Confidence 1731 => 1732: 0.9208333333333334
Confidence 1732 => 1731: 0.9324894514767933


#### Exercise 2.1.8
(*) Rerun the experiments from point 4 with apriori() (documentation on the official website). Do the results match with the ones found by FP-Growth? Is Apriori faster or slower than FP-Growth?

In [23]:
from mlxtend.frequent_patterns import apriori
from timeit import timeit

print("FP-growth", timeit(lambda: fpgrowth(df, 0.01), number=1), "seconds")
print("Apriori", timeit(lambda: apriori(df, 0.01), number=1), "seconds")

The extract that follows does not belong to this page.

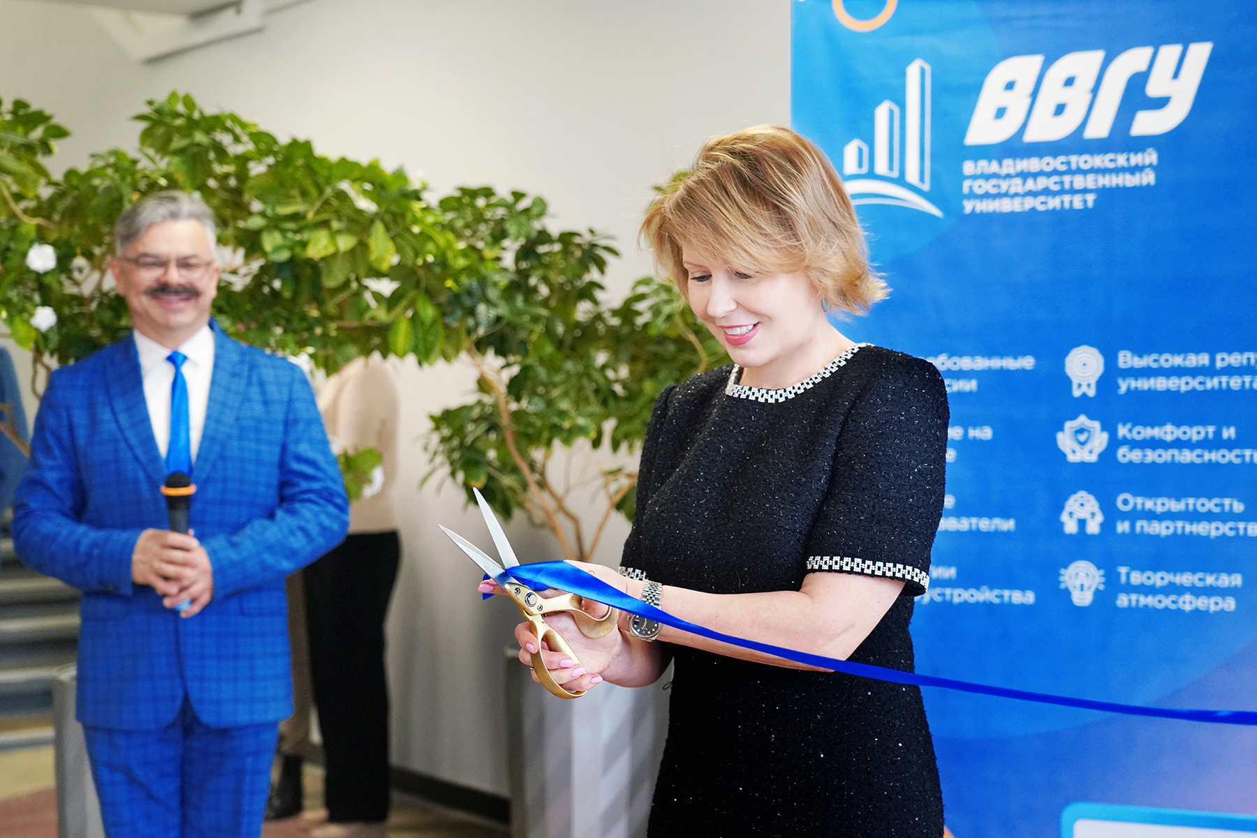 Во Владивостокском государственном университете состоялось торжественное открытие новой аудитории №1457. Почетное право перерезать символическую синюю ленточку предоставлено ректору ВВГУ доктору экономических наук, профессору Татьяне Терентьевой. В своем выступлении на церемонии открытия ректор ВВГУ подчеркнула важность модернизации инфраструктуры для студентов и преподавателей.

FP-growth 2.111715125007322 seconds
Apriori 12.719232167000882 seconds


In [24]:
fi_apriori = apriori(df, 0.02)
fi_fpgrowth = fpgrowth(df, 0.02)
len(fi_apriori), len(fi_fpgrowth)

(303, 303)

We could have a first quantitative feedback on whether the two results are the same by observing the number of results we obtained. Indeed, both return 303 elements, meaning that the two algorithms are at least in accordance with the number of frequent itemsets that can be extracted.